Mailman Richard B
Neurosciences Hospital, University of North Carolina School of Medicine, Chapel Hill, NC 27599-7160, USA.
Trends Pharmacol Sci. 2007 Aug;28(8):390-6. doi: 10.1016/j.tips.2007.06.002. Epub 2007 Jul 13.
Many in vitro data show that some ligands can cause the differential activation of signaling pathways mediated by a single receptor (termed 'functional selectivity'). It remains unclear, however, whether functionally selective properties are meaningful in vivo. Data obtained with experimental compounds that are functionally selective at the dopamine D2L receptor in vitro suggest that these properties might predict atypical behavioral actions. Moreover, the antipsychotic drug aripiprazole is commonly thought to be a D2 partial agonist, but data clearly show that aripiprazole is functionally selective in vitro. It is proposed that the effects of aripiprazole in animal models and humans can be reconciled only with its functionally selective D2 properties, not its partial D2 agonism. Together, these data provide support for the hypothesis that compounds with functionally selective properties in vitro are likely to have novel actions in vivo, opening doors to new avenues of drug discovery.

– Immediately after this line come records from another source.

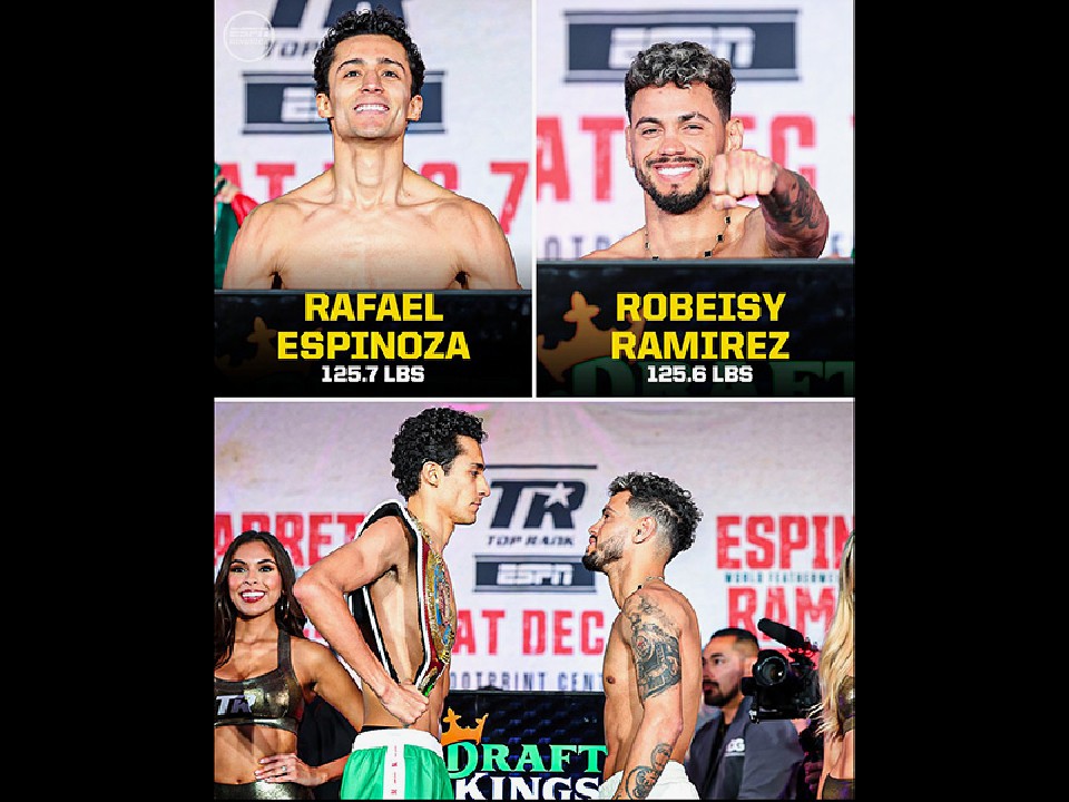 フェザー級リミット57.1kgを王者エスピノサは、100g少ない57.0kgでパス。前王者のラミレスは、200gアンダーの56.9kgでクリアした。
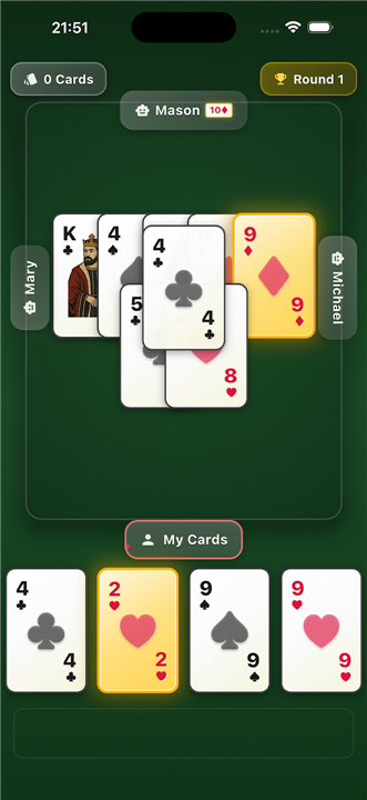 • The core objective is simple yet challenging: match the cards in your hand with those on the table to reach a total of 21, outthink the AI bots, and secure victory.
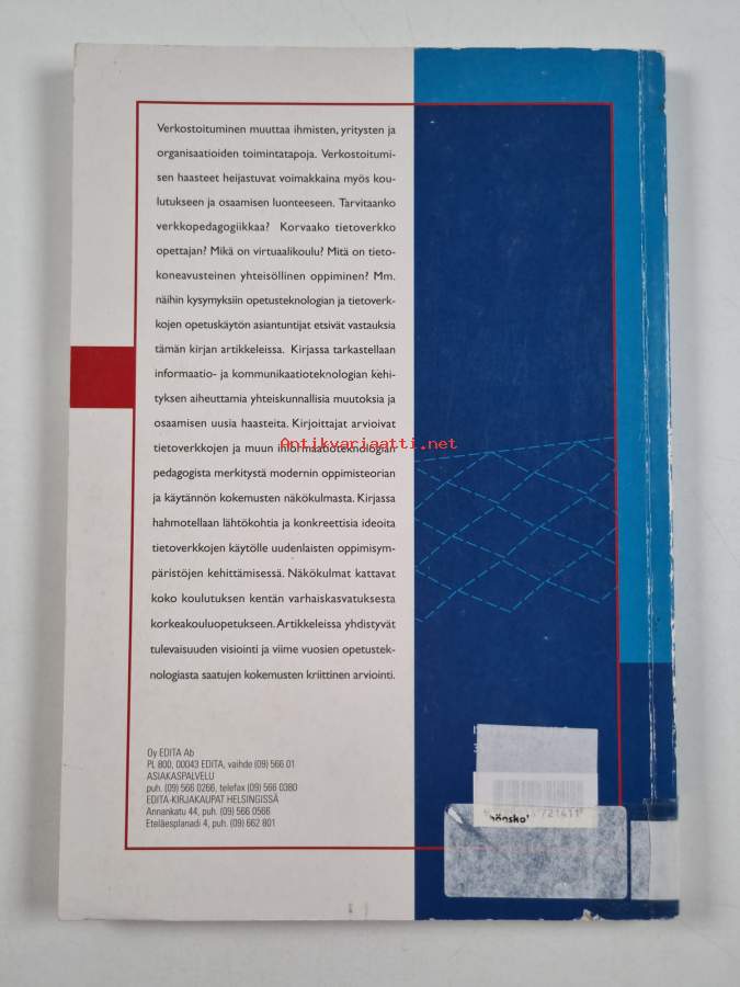 Muu(t) tekijä(t): Erno LehtinenMerkinnät: omistajamerkintä (leima)Asiasanat: tietoliikenneverkot, Internet, koulutus, tietotekniikka, tietoyhteiskunta, yhteiskunnallinen muutos, opetus, tietoverkot, WWW, sähköposti, atk, oppiminen, koulut, ammattikieli, oppimisympäristö, opetusteknologia, tietokoneavusteinen opetus, korkeakouluopiskelu, tietojärjestelmät, verkko-opetus, verkkopedagogiikka, verkko-oppiminen, verkkokurssit, etäopetus, Education, inlärning, nätundervisning, utbildning, undervisning, Learning, samhällsförändring, Information Systems, informationsteknik, informationssystem, teaching, inlärningsmiljö, datorstödd undervisning, computer assisted instruction, högskolestudier, datanät, informationssamhälle, skolor (läroanstalter), pedagogik, undervisningsteknologi, distansundervisning, nätkurser, e-lärande, telekommunikationsnät, e-post, Computer Communication Networks, adb, virtuaalikoulut, fackspråk, nätpedagogik, virtuella skolor

许多体外实验数据表明,一些配体可导致由单一受体介导的信号通路的差异性激活(称为“功能选择性”)。然而,功能选择性特性在体内是否有意义仍不清楚。用在体外对多巴胺D2L受体具有功能选择性的实验化合物所获得的数据表明,这些特性可能预示着非典型的行为作用。此外,抗精神病药物阿立哌唑通常被认为是一种D2部分激动剂,但数据清楚地表明阿立哌唑在体外具有功能选择性。有人提出,阿立哌唑在动物模型和人类中的作用只能与其功能选择性的D2特性相协调,而不能与其部分D2激动作用相协调。这些数据共同支持了这样一种假说,即体外具有功能选择性特性的化合物在体内可能具有新的作用,为药物发现的新途径打开了大门。